It's late enough to be hacker hours, if you're as old as I am. Gonna write down a bunch of rambly thoughts about #xz and #autoconf and capital-F Free Software sustainability and all that jazz. Plan is to edit it into a Proper Blog Post™ tomorrow. Rest of the thread will be unlisted but boosts and responses are encouraged.

Starting with the very specific: I do not think it was an accident that the xz backdoor's exploit chain started with a modified version of a third party .m4 file to be compiled into xz's configure script.

It's possible to write incomprehensible, underhanded code in any programming language. There's competitions for it, even. But when you have a programming language, or perhaps a mashup of two languages, that everyone *expects* not to be able to understand — no matter how careful the author is — well, then you have what we might call an attractive nuisance. And when blobs of code in that language are passed around in copy-and-paste fashion without much review or testing or version control, that makes it an even easier target.

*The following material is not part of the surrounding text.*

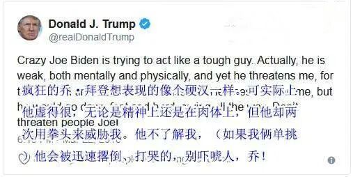 特朗普在推文中表示,拜登在身体和精神上都不是他的对手。如果单挑,他可以把拜登打哭。

So, in my capacity as one of the last few people still keeping autoconf limping along, I'm thinking pretty hard about what could be done to replace its implementation language, and concurrently what could be done to improve development practice for both autoconf and its extensions (the macro archive, gnulib, etc.)

Side bar, I know a lot of people are saying "time to scrap autotools for good, everyone should just use cmake/meson/GN/Basel/..." I have a couple different responses to that depending on my mood, but the important one right now is: Do you honestly believe that your replacement of choice is *enough* better, readability wise, that folks will actually review patches to build machinery carefully enough to catch this kind of insider attack?

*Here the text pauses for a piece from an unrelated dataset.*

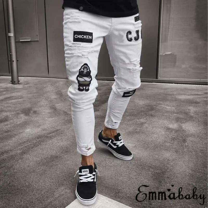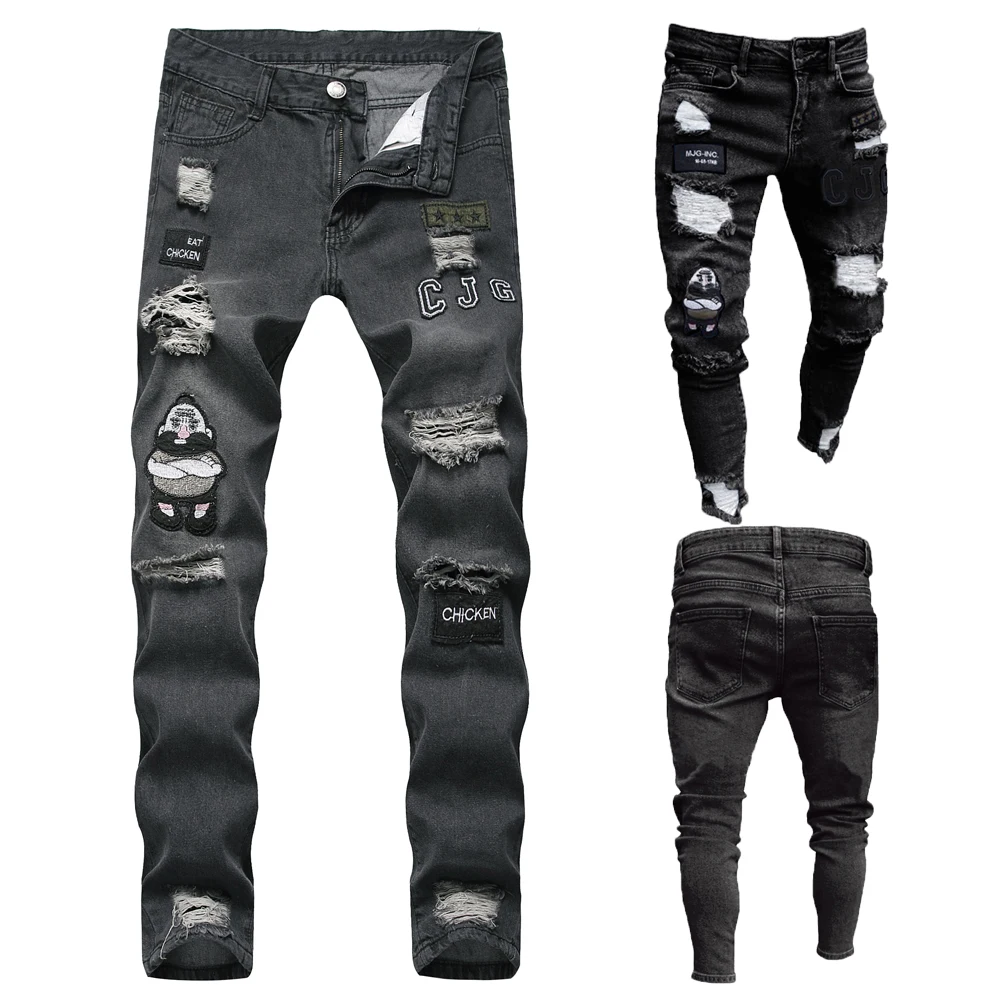 2020 новые модные мужские рваные байкерские узкие брюки джинсы с потертостями рваные повседневные джинсовые брюки S-3XL зауженные джинсы с потертостями

On the subject of implementation language, I have one half-baked idea and one castle in the air.

The half-baked idea is: Suppose ./configure continues to be a shell script, but it ceases to be a *generated* shell script. No more M4. Similarly, the Makefile continues to be a Makefile but it ceases to be generated from Makefile.am. Instead, there is a large library of shell functions and a somewhat smaller library of Make rules that you include and then use.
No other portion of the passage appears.